The Union of Greek Shipowners (UGS) today responded to the European Commission’s recently published allegations claiming that some provisions of the Greek shipping taxation regime are in breach of EU state aid provisions.
The UGS said that “there is no effective distortion of competition in the maritime field in the EU and that any fundamental changes to the institutional and fiscal framework in which the Greek shipping community is presently operating, would have unforeseeable consequences which would be detrimental not only for Greece but also for the rest of the EU as they would seriously undermine one of its most important strategic sectors which remains prominent internationally in the face of fierce competition”.
The UGS pointed out that the Greek institutional shipping regime predates the EC’s state aid guidelines (SAG) by many years. In particular, the Greek institutional framework for shipping taxation and especially the Greek model of tonnage tax for ships was introduced in 1953 and re-established in 1975 and became “more or less” the precedent for the development of the SAG and of regimes in the EU and internationally, UGS claimed.
“The decision of the European Commission regarding the Greek shipping taxation system and its statement that it will be used as a precedent for the assessment of other EU shipping regimes will seriously disrupt the shipping sector in the EU after 20 years of successful growth without formal complaints and negligible intra-EU reflagging or re-establishment of shipping companies,” UGS maintained.

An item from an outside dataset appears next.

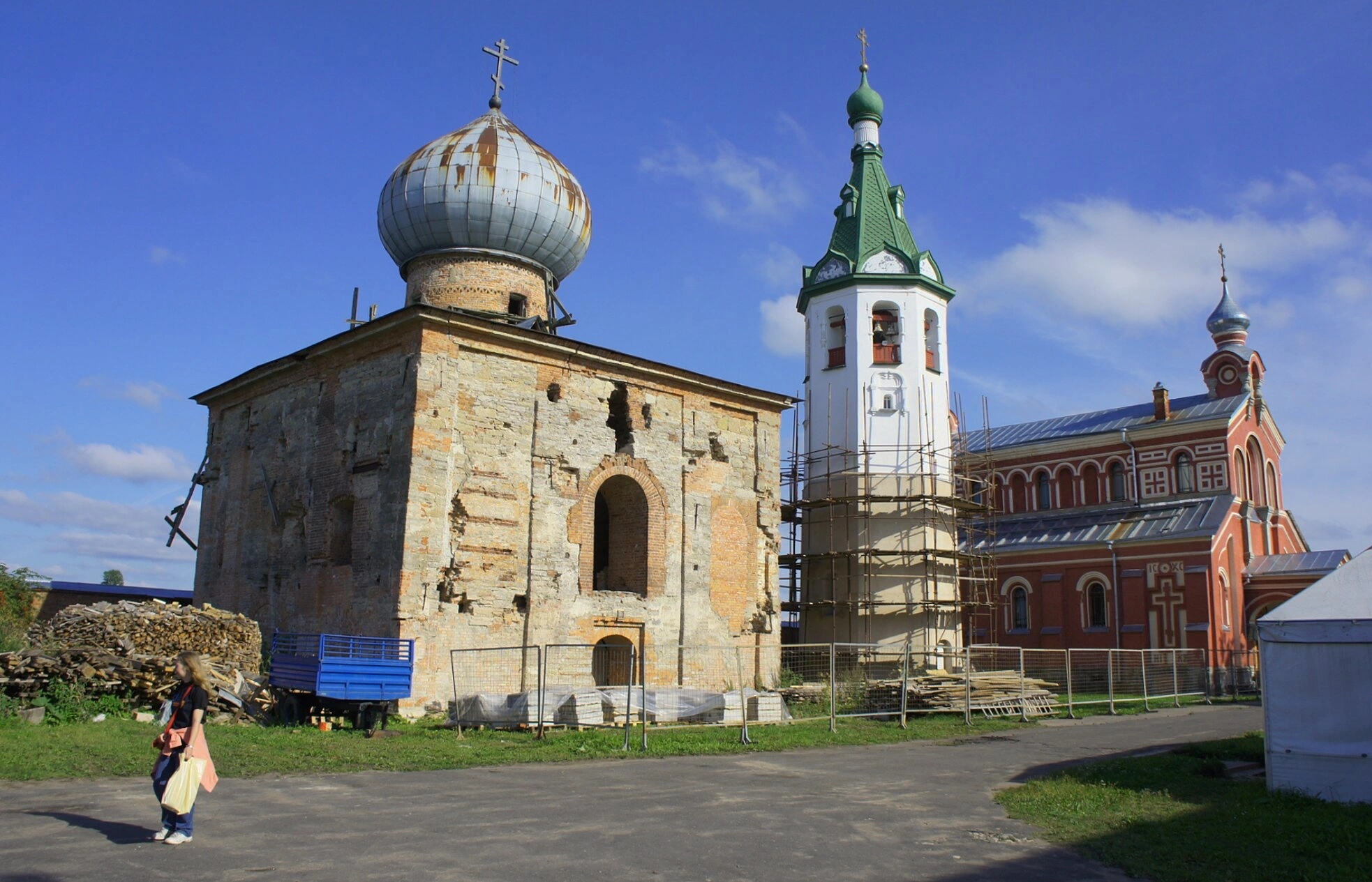 На переднем плане видна грунтовая дорога, а также элементы благоустройства территории, что свидетельствует о непрестанных трудах братии и благотворителей по возрождению святой обители. Присутствие человека на фотографии добавляет кадру масштаб и живость, напоминая о том, что монастырь является живым организмом, где совершается молитва и труд. Ясный солнечный день, запечатлённый на снимке, наполняет архитектурный пейзаж благодатным светом, подчёркивая красоту православных святынь и величие трудов по их восстановлению.

The shipowners body urged the European Commission to focus on the strategic, commercial and international dimension of the EU shipping industry in its diversity and its potential mobility, rather than concentrate on the nominal or juridical aspects of compliance with the letter of the SAG within the EU. Otherwise, UGS warned, the commission will undermine the confidence of shipping entrepreneurs and may encourage relocation of companies outside Europe.